Make an Organized List
Yesterday, I taught a “Make an Organized List” lesson to the intermediate math group (approx. grades 3-5).
I asked them, “If I want to make exactly 16 cents, using only nickels and pennies, what are all the different ways I could do that?”
I made a table and had them suggest ways, which I recorded. We ended up with a table that looked something like this:
|Number of Nickels||Number of Pennies|
Before putting in that crossed out 4-nickel row, they spent some time trying to come up with additional solutions. When they appeared stuck, I asked if they thought we had all the answers and they said they did. I asked how they knew, and they were able to explain that we had used all the numbers of nickels less than 4, and that 4 was too many nickels, since that would be 20 cents. (Then we had a discussion, initiated by the kids, about how it would be ok if we could have a negative number of pennies, but that that didn’t make sense in this problem.)
I asked them to look for patterns. They found that the numbers in the pennies column all differed by 5. They also found that if the number of nickels was even, so was the number of pennies, and likewise for odds.
I asked how we might have organized our list better from the start, so that we’d have known right away when we had found all the answers. They suggested organizing by number of nickels, starting from zero. So, I sent them off on their own to do the same problem with 22 cents. Easy!
Then I asked them to find all the possible ways of making 22 cents using only dimes, nickels and/or pennies. Predictably, this list was harder to organize. It took them a while to realize that they could have several rows for a given number of dimes. But most of them soon realized that the zero dime rows would look just like their results from the nickels and pennies only problem.

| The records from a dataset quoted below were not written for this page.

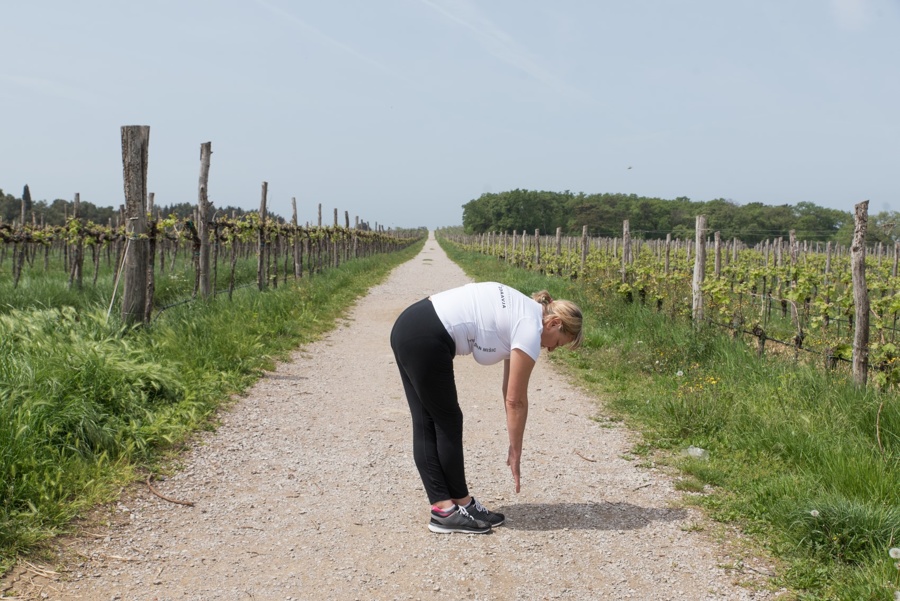 Stoje se najprej dvignemo na prste, nato se počasi pričnemo spuščati in preko začetnega položaja preidemo na pete. Vajo izvajamo dvakrat ali trikrat z 10 - 12 ponovitvami.
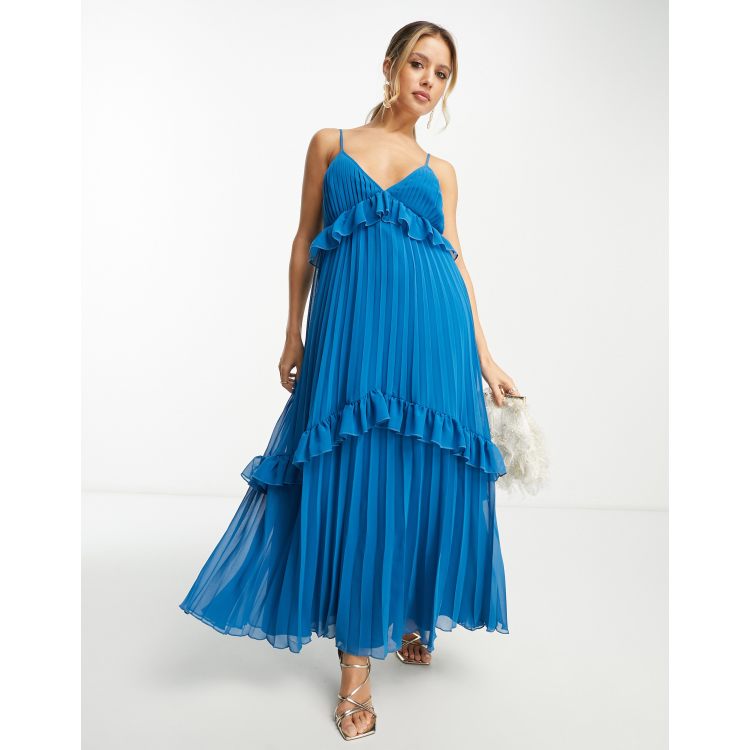 Asos pleated midi dress with ruffle open hot sale back
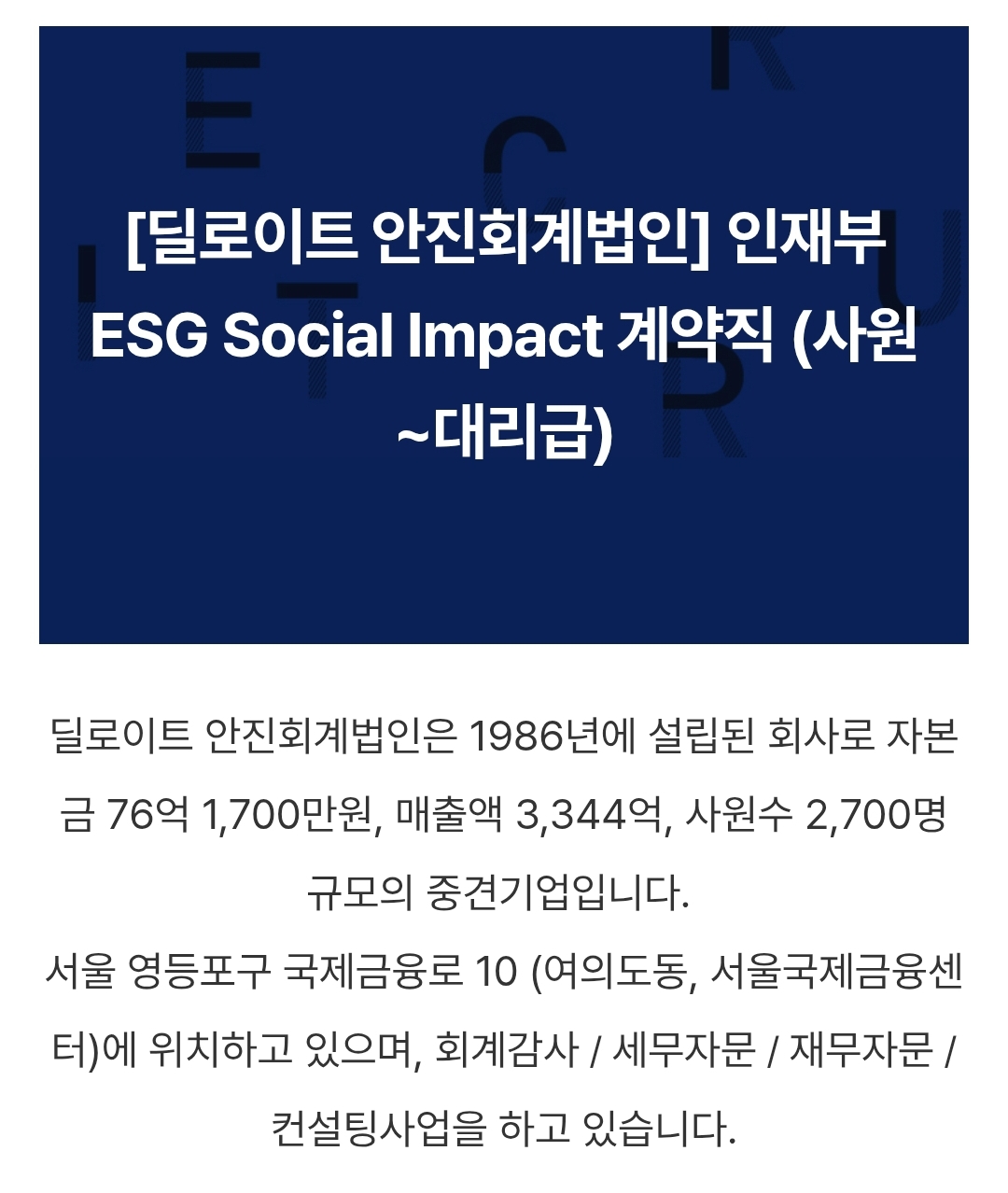 😎회사명이 없이 헤드헌팅 업체를 통한 채용정보 또는 단기계약직 등은 공유하지 않습니다.

And in the end, most of them did end up with organized lists, and being confident that they had all the solutions.
As they finished, I had them start playing “21” with the other kids who had finished. More about that in the linked post.
I liked this lesson because doing the example together at the beginning clearly showed them the value of organizing the list. And they basically got it, and were able to organize a more complicated list (some with more support than others).
On Wednesday, I did an “Act It Out” lesson with the youngest group (K-2 level) where one of the questions was “If there are cows and/or chickens in the yard, and I count 14 legs, what could I have”. These kids used blocks to represent the legs, and grouped them into piles of 4 (representing cows) or 2 (representing chickens). Although I didn’t expect them to organize their lists of answers, I did ask them to try to come up with all the answers they could. At the end I asked them to share their answers, and asked them how I might organize them on the board to make sure I didn’t repeat any. So we did a little intro to organized lists there too. We sorted by number of cows. These guys also noticed some patterns — like the fact that the number of legs on the cow side increases by 4 each time, that all the numbers of legs were even, etc.
It takes a long time for the idea of making an organized list really sinks in. But I think we’re well on our way with both of these groups of kids.